__WHAT NEEDS TO BE DONE__
Leave the pictures out and quote only the lines from the one with "Elegant Monogram Date" down to the end of the listing below.

__INFORMATION PROVIDED__
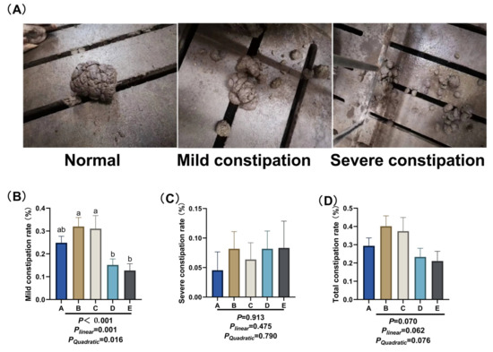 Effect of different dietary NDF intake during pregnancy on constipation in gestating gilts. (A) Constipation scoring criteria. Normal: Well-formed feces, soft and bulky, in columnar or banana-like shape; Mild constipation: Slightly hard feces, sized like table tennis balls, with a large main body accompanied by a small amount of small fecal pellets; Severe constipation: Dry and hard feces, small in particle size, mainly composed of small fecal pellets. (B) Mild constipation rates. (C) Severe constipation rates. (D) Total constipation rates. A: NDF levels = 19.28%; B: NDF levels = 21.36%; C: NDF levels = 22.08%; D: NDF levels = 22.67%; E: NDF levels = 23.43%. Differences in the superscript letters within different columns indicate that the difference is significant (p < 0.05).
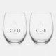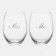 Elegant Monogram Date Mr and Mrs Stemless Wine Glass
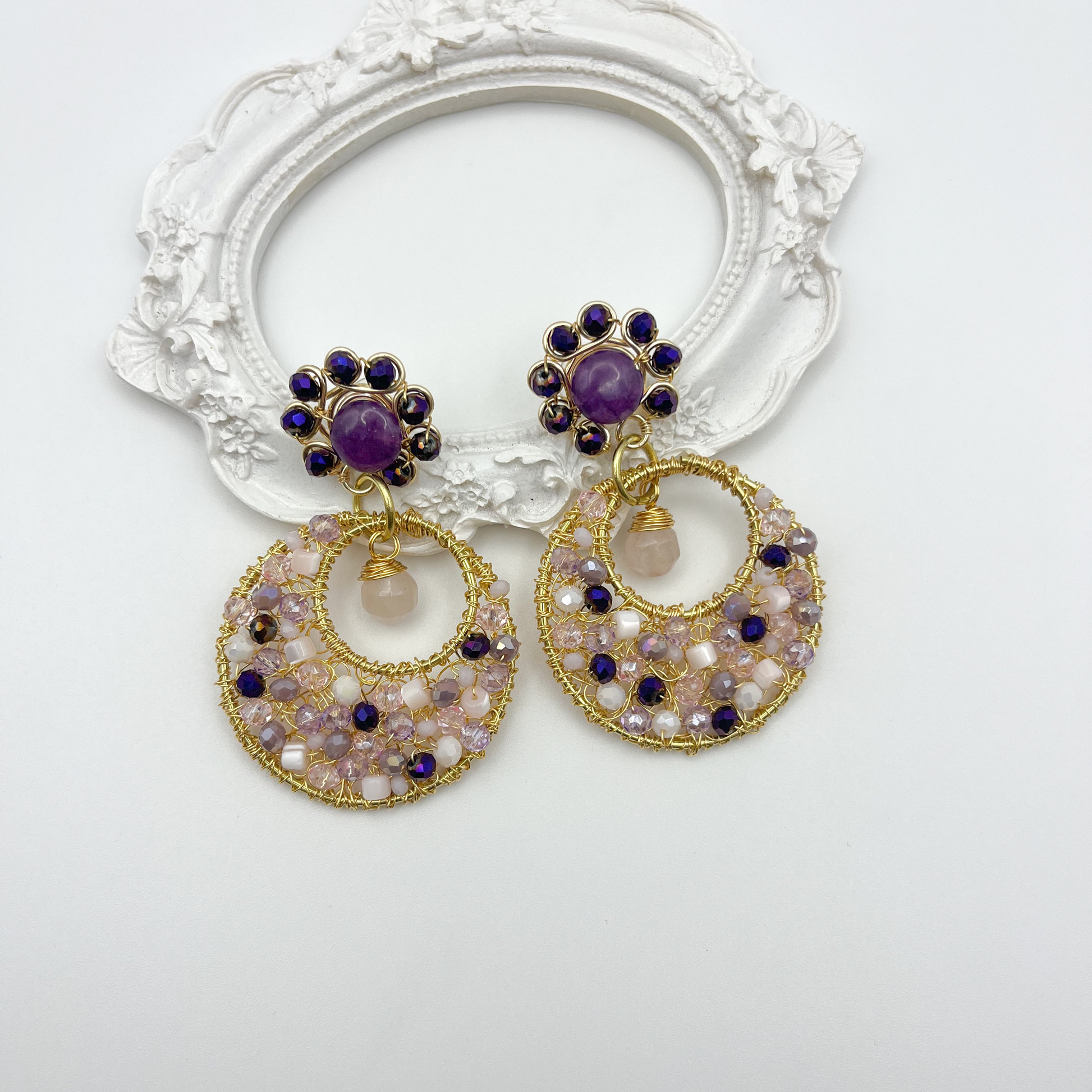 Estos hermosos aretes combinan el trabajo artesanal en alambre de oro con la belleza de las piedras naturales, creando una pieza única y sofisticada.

__EXERCISE OUTPUT__
 Elegant Monogram Date Mr and Mrs Stemless Wine Glass
 Estos hermosos aretes combinan el trabajo artesanal en alambre de oro con la belleza de las piedras naturales, creando una pieza única y sofisticada.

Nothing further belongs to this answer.